安陵容坐在窗前,太医每次来请脉,眉头都比上次皱得更深几分,开的方子也一日比一日重,可那汤药灌下去,除了让她恶心反胃、寝食难安之外,起不了半分真正的效用。
可让她绝望的,不只是这保不住的胎。
清月稳居养心殿,步步为营,滴水不漏。
她的一切起居饮食都由皇上亲信经手,层层查验,戒备森严,连一只可疑的苍蝇都飞不进去。

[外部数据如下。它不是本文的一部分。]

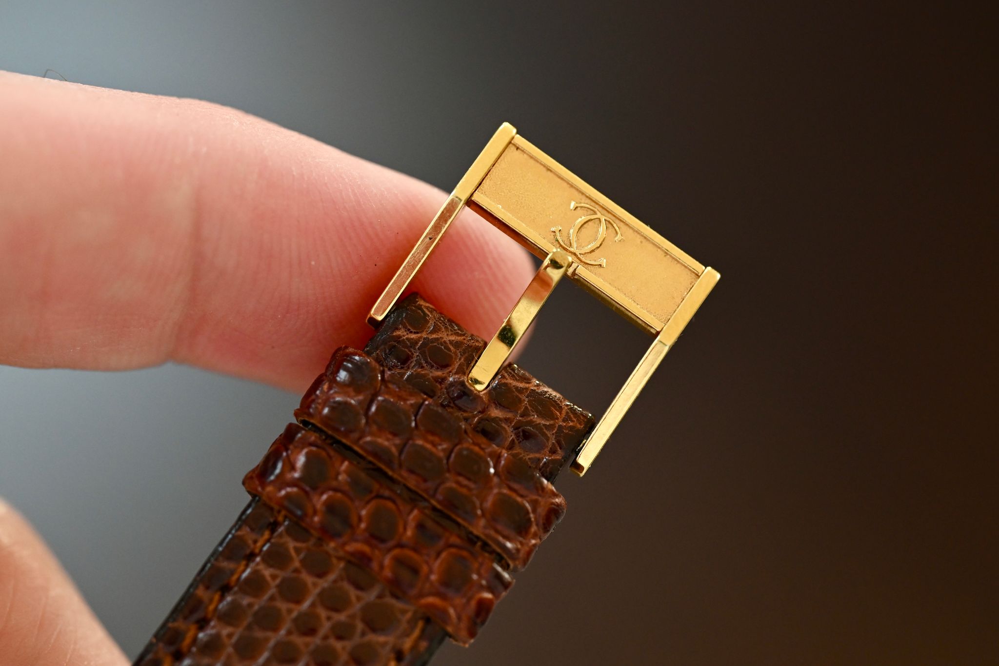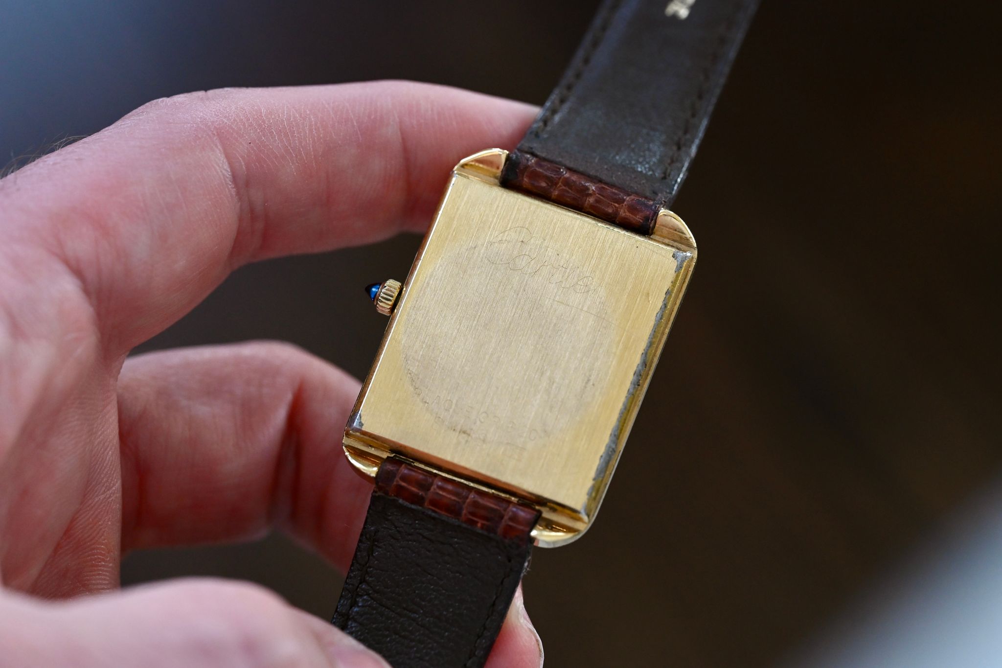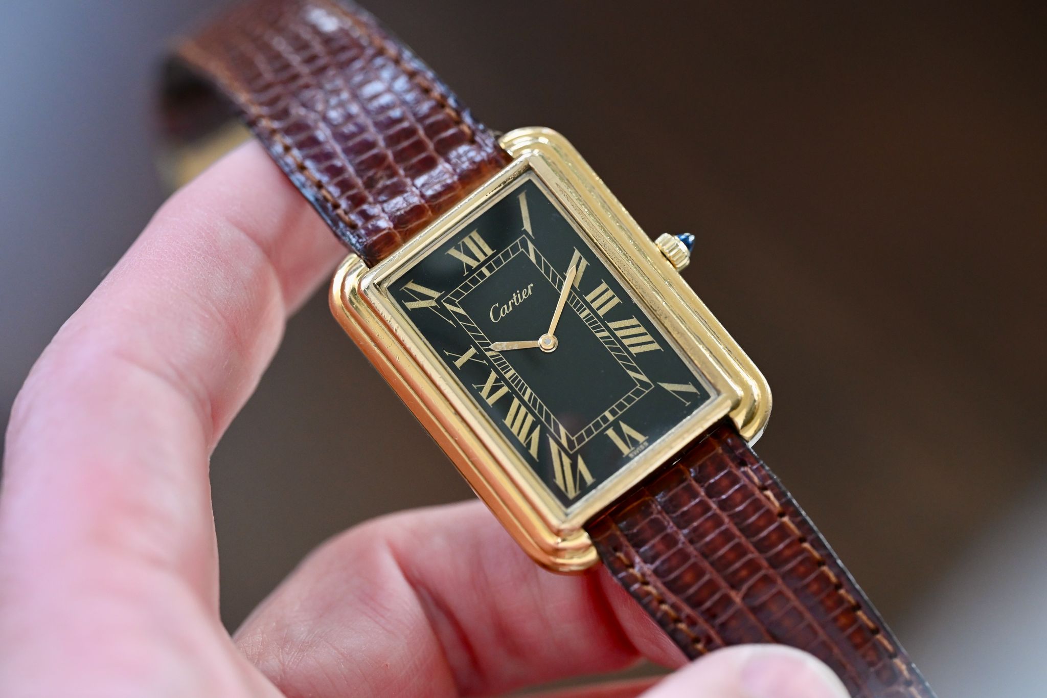 Rare Cartier Tank ‘Sport’ Jumbo darting to the mid 1970s. Featuring an oblong stepped case measuring 27x37mm which is electroplated to 20-micron of 18k yellow gold. With a stunning original black enamel dial and manually wound mechanical movement. This watch comes with original strap and buckle. These watches seldom come up for sale anymore and given the large size and rarity they have become highly coveted by collectors.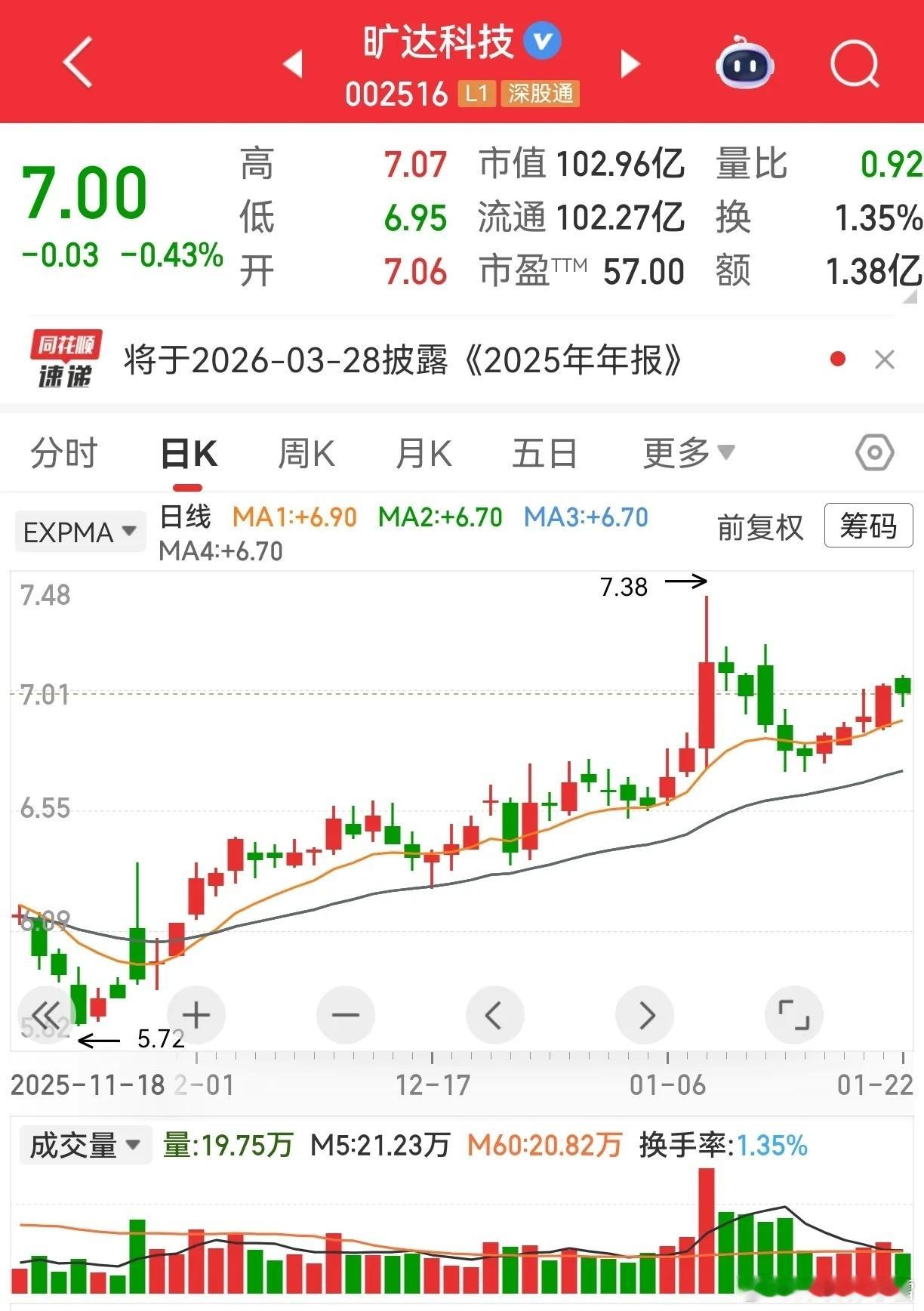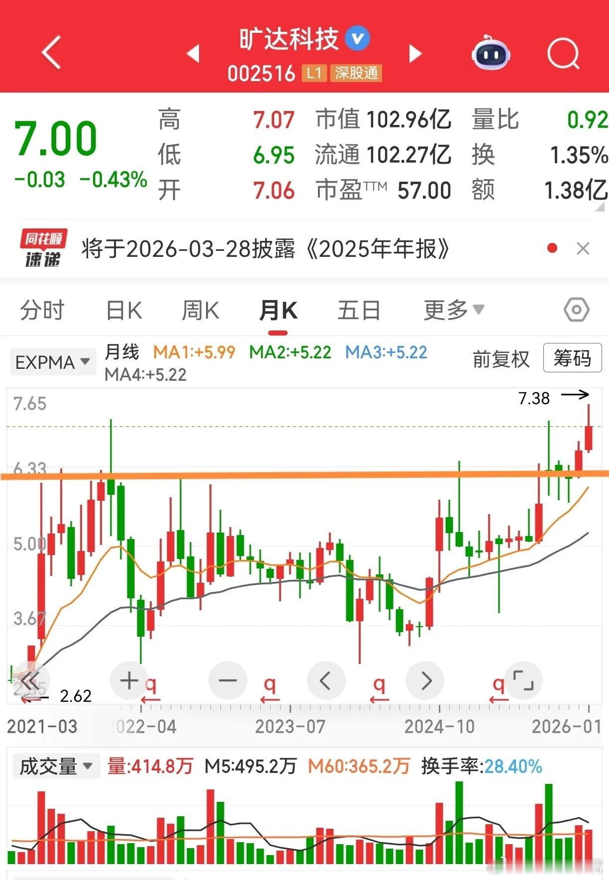 应粉丝朋友的旷达科技分析来啦!昨天忘更我的错,说到就得做到 浅浅唠唠个人看法,对错勿怪哈这票早前走出双阴立柱后一路下滑,25年11月大跌后开始慢涨,斜率缓波动小,不声不响的走势,懂的都懂有人在默默布局,不跌不涨就是在磨底蓄力月线看来到前期高点,这里消化浮筹再正常不过,目前稳稳绕着生命线上移,就差一波放量突破。这种票急不得,只能喝茶等风来,耐心蹲一个启动信号就好!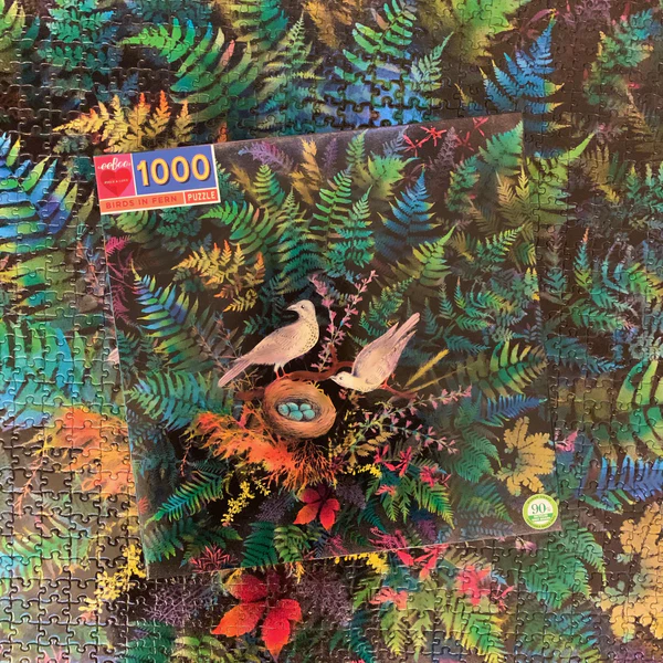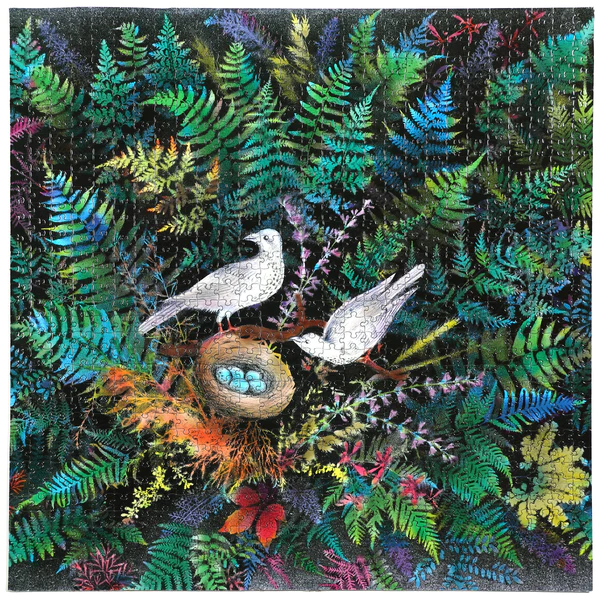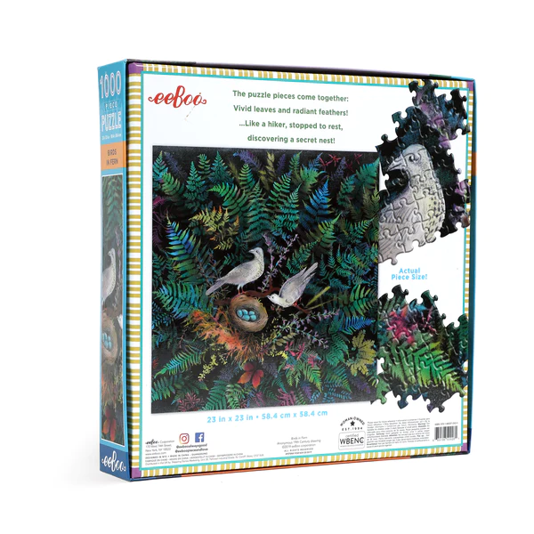 Puzzle your way through eeBoo’s Birds in Fern 1000 Piece Puzzle, inspired by a vintage drawing. Jigsaw puzzles are a great activity for the whole family to enjoy. This beautiful fern garden featuring a family of birds will transport any family of puzzlers into focused calm.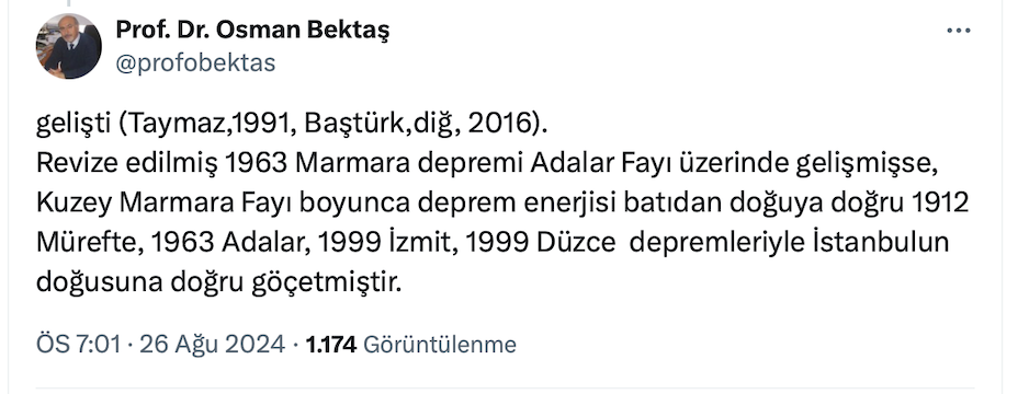 Jeoloji Mühendisi Prof. Dr. Osman Bektaş resmi sosyal medya hesabı üzerinden yaptığı paylaşımda “İstanbul’un kaderi 1963’teki 6,4’lük Marmara depreminin yerinemi bağlı?” sorusuna yanıt verdi.

安陵容试过各种法子,她苦思多日,心力交瘁,却始终寻不到半分栽赃下手的机会。
眼看着死局将近,她的心神几近崩溃。
夜夜难以入眠,只要一阖眼便梦见那胎落了,梦见皇上盛怒之下将她赐死,梦见父亲的人头滚落刑场。
她从梦中惊醒,满头冷汗,抚着小腹的手都在发颤。
可她迟迟未动,却不知清月早已先行预判、先下手为强。
清月执掌六宫数月,眼底通透人心,早就看穿了皇后与安陵容私下勾连的后手。
她如今可不喜欢不被动接招,既然对方憋着要用这一胎来害她,那她便借着对方最得意的筹码,亲手碎了这盘棋。
她有的是法子,现成的办法。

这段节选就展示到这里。